The U.S. Geological Survey, in cooperation with State and local agencies, systematically collects groundwater data at varying measurement frequencies to monitor the hydrologic conditions on Long Island, New York. Each year during April and May, the U.S. Geological Survey completes a synoptic survey of water levels to define the spatial distribution of the water table and potentiometric surfaces within the three main water-bearing units underlying Long Island—the upper glacial, Magothy, and Lloyd aquifers—and the hydraulically connected Jameco and North Shore aquifers. These data and the maps constructed from them are commonly used in studies of the hydrology of Long Island and are used by water managers and suppliers for aquifer management and planning purposes.

Water-level measurements made in 424 monitoring wells (observation and supply wells), 13 streamgages, and 2 lake gages across Long Island during April–May 2016 were used to prepare the maps in this report. Groundwater measurements were made by the wetted-tape or electric-tape method to the nearest hundredth of a foot. Contours of water-table and potentiometric-surface altitudes were created using the groundwater measurements. The water-table contours were interpreted using water-level data collected from 275 observation wells and 1 supply well screened in the upper glacial aquifer and the shallow Magothy aquifer and 13 streamgages and 2 lake gages. The potentiometric-surface contours of the Magothy aquifer were interpreted from measurements at 88 wells (61 observation wells and 27 supply wells) screened in the middle to deep Magothy aquifer and the contiguous and hydraulically connected Jameco aquifer. The potentiometric-surface contours of the Lloyd aquifer were interpreted from measurements at 60 wells (55 observation wells and 5 supply wells) screened in the Lloyd aquifer and the contiguous and hydraulically connected North Shore aquifer. Many of the supply wells are in continuous operation and, therefore, were turned off for a minimum of 24 hours before measurements were made to allow the water levels in the wells to recover to ambient (nonpumping) conditions. Full recovery time at some of these supply wells can exceed 24 hours; therefore, water levels measured at these wells are assumed to be less accurate than those measured at observation wells, which are not pumped. In addition to pumping stresses, density differences (saline water) also lower the water levels measured in certain wells. Recent water-quality data are lacking in these wells; therefore, a conversion to freshwater head could not be performed accurately and was not attempted. In this report, all water-level altitudes are referenced to the National Geodetic Vertical Datum of 1929 (NGVD 29).

The land surface altitude, or topography, was obtained from the National Oceanic and Atmospheric Administration. The data were collected using light detection and ranging (lidar) and were used to produce a three-dimensional digital elevation model. The lidar data have a horizontal accuracy of 1.38 feet and a vertical accuracy of 0.40 foot at a 95-percent confidence level for the “open terrain” land-cover category.
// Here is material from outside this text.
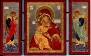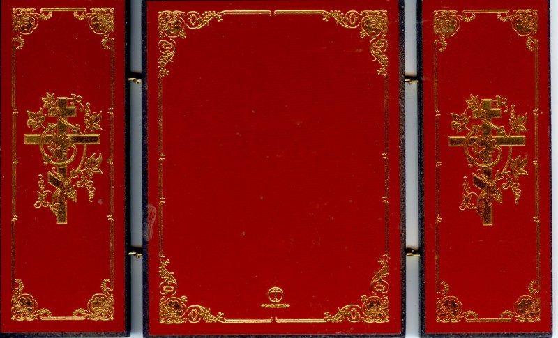 Очень красивая и крепкая икона - складень из дерева, двойное тиснение золотом и серебром.

The digital elevation model was developed jointly by the National Oceanic and Atmospheric Administration and the U.S. Geological Survey as part of the Disaster Relief Appropriations Act of 2013. Land surface altitude is referenced to the North American Vertical Datum of 1988 (NAVD 88). On Long Island, NAVD 88 is approximately 1 foot higher than NGVD 29.
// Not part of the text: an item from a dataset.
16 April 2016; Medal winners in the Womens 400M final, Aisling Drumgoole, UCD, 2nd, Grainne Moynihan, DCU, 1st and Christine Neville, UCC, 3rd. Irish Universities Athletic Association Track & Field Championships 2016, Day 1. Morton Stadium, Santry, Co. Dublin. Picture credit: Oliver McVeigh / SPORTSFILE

Hydrographs are included on these maps for selected wells that have continuous digital recording equipment, and each hydrograph includes the water level measured during the synoptic survey. These hydrographs are representative of the 2016 water year and show the changes throughout that period; a water year is the 12-month period from October 1 to September 30 and is designated by the year in which it ends.